Onset detection in surface electromyographic signals across isometric explosive and ramped contractions: a comparison of computer-based methods.

机构信息

Biomechanics Research Unit, Department of Physical Education and Sport Sciences, University of Limerick, Limerick, Ireland.

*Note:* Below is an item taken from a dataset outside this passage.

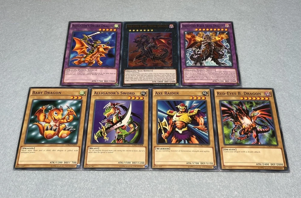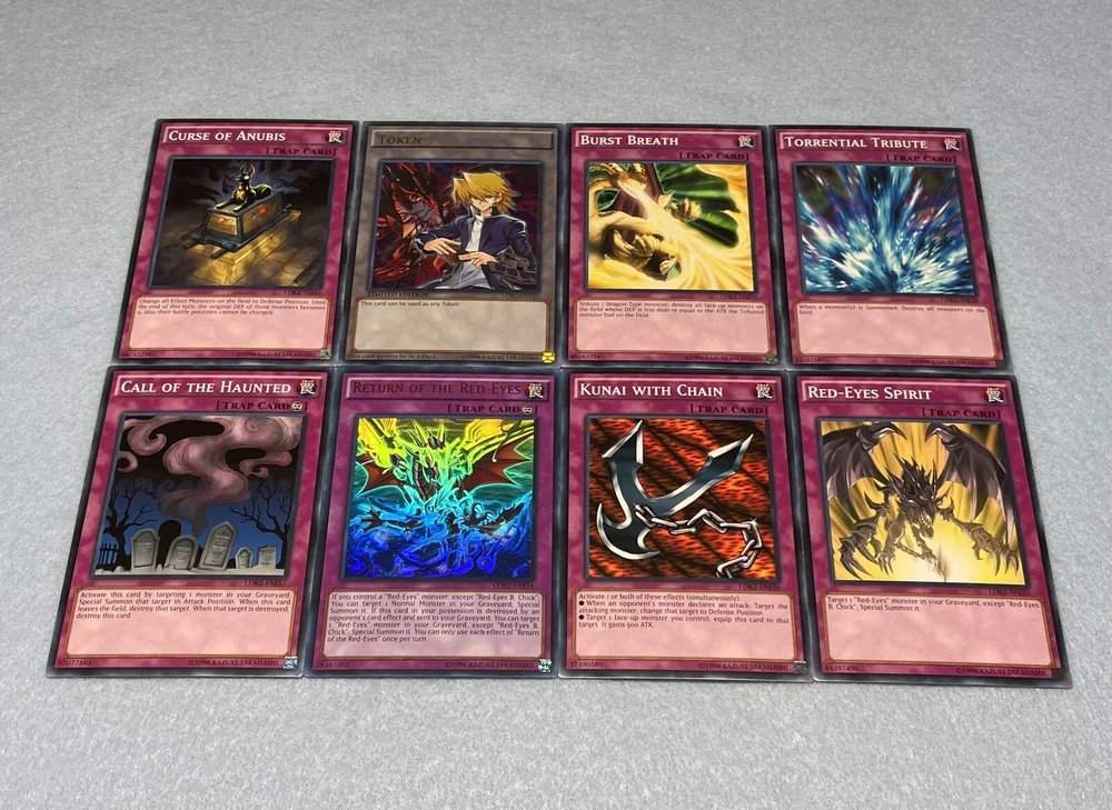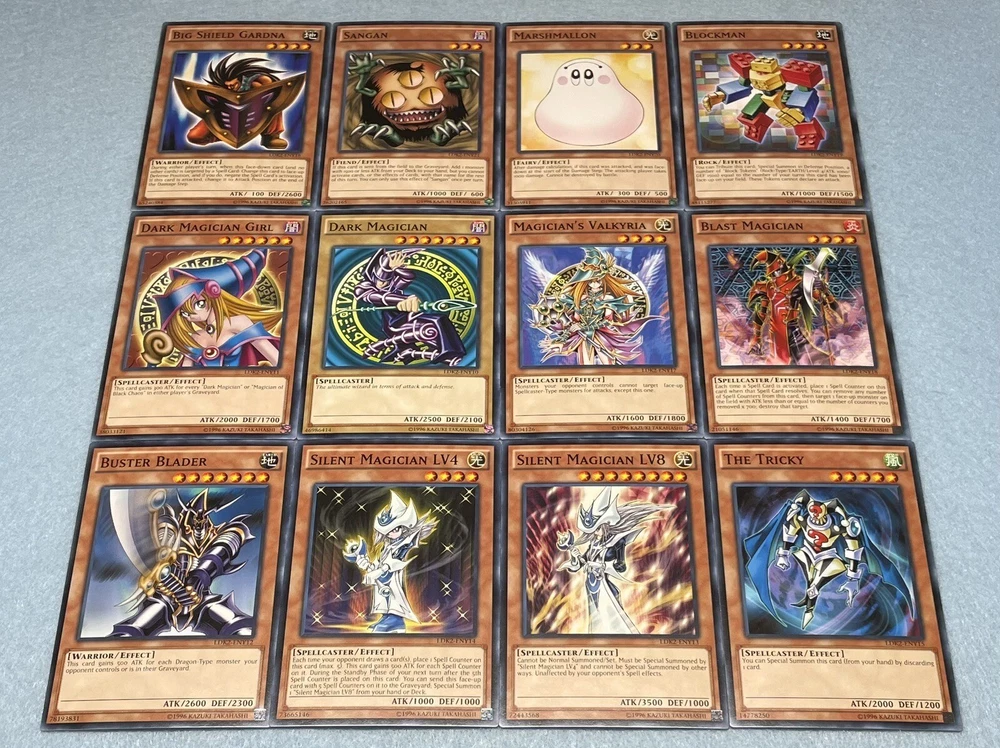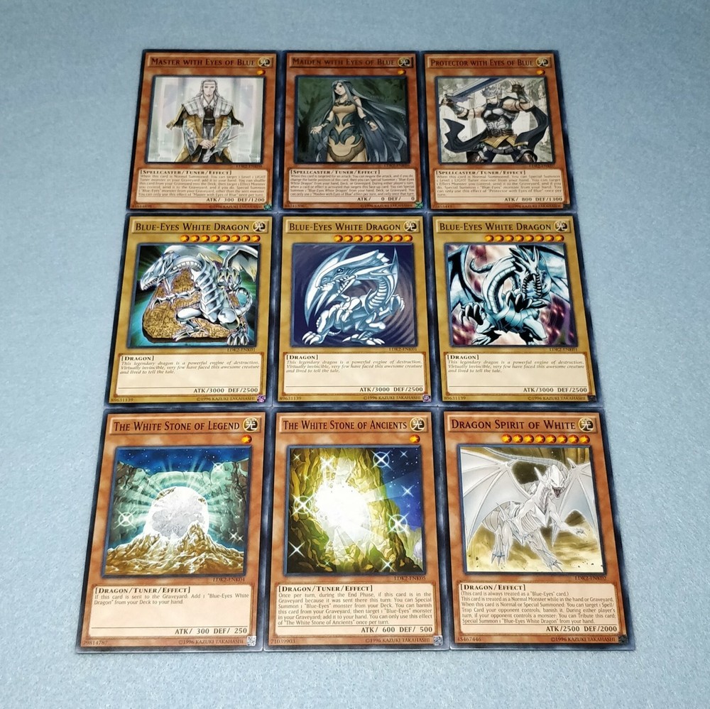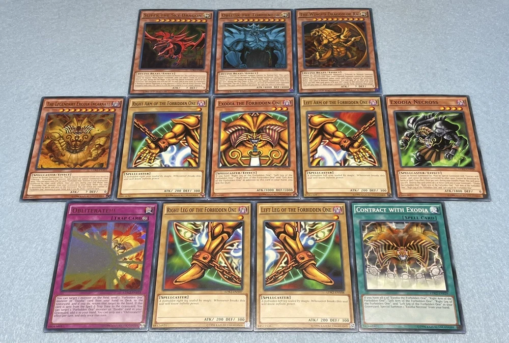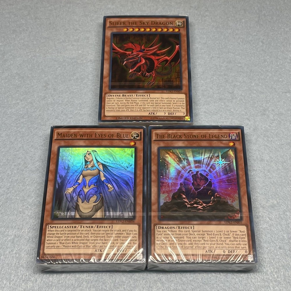 Includes some of the most iconic cards used by the three main protagonists of Yu-Gi-Oh Duel Monsters. You will receive the following cards: Yami Yugi's Exodia Deck: 1x Slifer the Sky Dragon (Ultra Rare) 1x Obelisk the Tormentor (Ultra Rare) 1x The Winged Dragon of Ra (Ultra Rare) 1x The Legendary Exodia Incarnate (Ultra Rare) 1x Ties of the Brethren (Ultra Rare) 1x Obliterate!!! (Ultra Rare) 1x Exodia the Forbidden One 1x Right Arm of the Forbidden One 1x Left Arm of the Forbidden One 1x Right Leg of the Forbidden One 1x Left Leg of the Forbidden One 1x Exodia Necross 1x Dark Magician 1x Dark Magician Girl 1x Buster Blader 1x Silent Magician LV8 1x Silent Magician LV4 1x The Tricky 1x Big Shield Gardna 1x Magician's Valkyria 1x Blast Magician 1x Blockman 1x Marshmallon 1x Sangan 1x Gold Sarcophagus 1x Swords of Revealing Light 1x Magical Dimension 1x Magicians Unite 1x Tricky Spell 4 1x Thousand Knives 1x Dark Magic Attack 1x Contract with Exodia 1x Messenger of Peace 1x Dark Factory of Mass Production 1x Monster Reincarnation 1x Secret Village of the Spellcasters 1x Pot of Duality 1x Mirror Force 1x Magical Hats 1x Magic Cylinder 1x Magician's Circle 1x Backup Soldier 1x Gravity Bind 1x Token (Ultra Rare) Seto Kaiba's Blue Eyes Deck: 3x Blue-Eyes White Dragon 1x Dragon Spirit of White 1x Kaibaman 1x The White Stone of Legend 1x The White Stone of Ancients 1x Maiden with Eyes of Blue (Ultra Rare) 1x Protector with Eyes of Blue 1x Master with Eyes of Blue 1x Battle Ox 1x La Jinn the Mystical Genie of the Lamp 1x Vorse Raider 1x Alexandrite Dragon 1x Blade Knight 1x Ancient Lamp 1x Tiger Dragon 1x Kidmodo Dragon 1x King of the Swamp 1x Rider of the Storm Winds 1x Burst Stream of Destruction 1x Beacon of White 1x Mausoleum of White 1x Polymerization 1x Enemy Controller 1x Shrink 1x Silent Doom 1x The Melody of Awakening Dragon (Ultra Rare) 1x Ancient Rules 1x Trade-In 1x Where Arf Thou? 1x Pot of Dichotomy 1x Fusion Substitute 1x Unexpected Dai 1x Negate Attack 1x Final Attack Orders 1x Shadow Spell 1x Cloning 1x Fusion Reserve 1x Jar of Avarice 1x Azure-Eyes Silver Dragon 1x Blue-Eyes Ultimate Dragon (Ultra Rare) 1x First of the Dragons 1x Token (Ultra Rare) Joey Wheeler's Red Eyes Deck: 1x Red-Eyes Black Dragon 1x Red-Eyes Black Flare Dragon 1x Red-Eyes Archfiend of Lightning 1x Red-Eyes Retro Dragon 1x The Black Stone of Legend (Ultra Rare) 1x Black Metal Dragon 1x Axe Raider 1x Alligator's Sword 1x Baby Dragon 1x Jinzo 1x Goblin Attack Force 1x Gearfried the Iron Knight 1x Rocket Warrior 1x Blue Flame Swordsman 1x Time Wizard 1x Phoenix Gearfried 1x Gemini Summoner 1x Blazewing Butterfly 1x Dark Valkyria 1x Command Knight 1x Valkyrian Knight 1x Keeper of the Shrine 1x Inferno Fire Blast 1x Red-Eyes Fusion 1x Cards of the Red Stone 1x Polymerization 1x Salamandra 1x Scapegoat 1x Foolish Burial 1x Roulette Spider 1x Supervise 1x Mystical Space Typhoon 1x Symbols of Duty 1x Return of the Red-Eyes (Ultra Rare) 1x Red-Eyes Spirit 1x Kunai with Chain 1x Call of the Haunted 1x Torrential Tribute 1x Burst Breath 1x Curse of Anubis 1x Red-Eyes Flare Metal Dragon (Ultra Rare) 1x Archfiend Black Skull Dragon 1x Alligator's Sword Dragon 1x Token (Ultra Rare) All cards are in near-mint condition.

School of Sport, Exercise and Health Sciences, Loughborough University, Loughborough, United Kingdom.

出版信息

Physiol Meas. 2021 Apr 12;42(3). doi: 10.1088/1361-6579/abef56.

Abstract

. Accurate identification of surface electromyography (EMG) muscle onset is vital when examining short temporal parameters such as electromechanical delay. The visual method is considered the 'gold standard' in onset detection. Automatic detection methods are commonly employed to increase objectivity and reduce analysis time, but it is unclear if they are sensitive enough to accurately detect EMG onset when relating them to short-duration motor events.. This study aimed to determine: (1) if automatic detection methods could be used interchangeably with visual methods in detecting EMG onsets (2) if the Teager-Kaiser energy operator (TKEO) as a conditioning step would improve the accuracy of popular EMG onset detection methods. The accuracy of three automatic onset detection methods: approximated generalized likelihood ratio (AGLR), TKEO, and threshold-based method were examined against the visual method. EMG signals from fast, explosive, and slow, ramped isometric plantarflexor contractions were evaluated using each technique.. For fast, explosive contractions, the TKEO was the best-performing automatic detection method, with a low bias level (4.7 ± 5.6 ms) and excellent intraclass correlation coefficient (ICC) of 0.993, however with wide limits of agreement (LoA) (-6.2 to +15.7 ms). For slow, ramped contractions, the AGLR with TKEO conditioning was the best-performing automatic detection method with the smallest bias (11.3 ± 32.9 ms) and excellent ICC (0.983) but produced wide LoA (-53.2 to +75.8 ms). For visual detection, the inclusion of TKEO conditioning improved inter-rater and intra-rater reliability across contraction types compared with visual detection without TKEO conditioning.. In conclusion, the examined automatic detection methods are not sensitive enough to be applied when relating EMG onset to a motor event of short duration. To attain the accuracy needed, visual detection is recommended. The inclusion of TKEO as a conditioning step before visual detection of EMG onsets is recommended to improve visual detection reliability.

摘要

. 准确识别表面肌电图(EMG)肌肉起始对于检查电机械延迟等短时间参数至关重要。视觉方法被认为是起始检测的“金标准”。自动检测方法通常用于提高客观性和减少分析时间,但尚不清楚在将其与短持续时间运动事件相关联时,它们是否足够敏感以准确检测 EMG 起始。本研究旨在确定:(1)自动检测方法是否可以与视觉方法互换使用以检测 EMG 起始;(2)作为预处理步骤的 Teager-Kaiser 能量算子(TKEO)是否会提高流行的 EMG 起始检测方法的准确性。使用每种技术评估了快速、爆发性和缓慢、斜坡等速足底屈肌收缩的三种自动起始检测方法:近似广义似然比(AGLR)、TKEO 和基于阈值的方法的准确性。. 对于快速、爆发性收缩,TKEO 是表现最好的自动检测方法,具有较低的偏置水平(4.7 ± 5.6 ms)和极好的组内相关系数(ICC)为 0.993,但具有较宽的一致性界限(LoA)(-6.2 至+15.7 ms)。对于缓慢、斜坡收缩,经过 TKEO 预处理的 AGLR 是表现最好的自动检测方法,具有最小的偏置(11.3 ± 32.9 ms)和极好的 ICC(0.983),但产生了较宽的 LoA(-53.2 至+75.8 ms)。对于视觉检测,与没有 TKEO 预处理的视觉检测相比,在包括 TKEO 预处理后,跨收缩类型的观察者间和观察者内可靠性都得到了提高。. 总之,所检查的自动检测方法对于将 EMG 起始与短持续时间的运动事件相关联不够敏感。为了达到所需的准确性,建议进行视觉检测。建议在视觉检测 EMG 起始之前,将 TKEO 作为预处理步骤,以提高视觉检测的可靠性。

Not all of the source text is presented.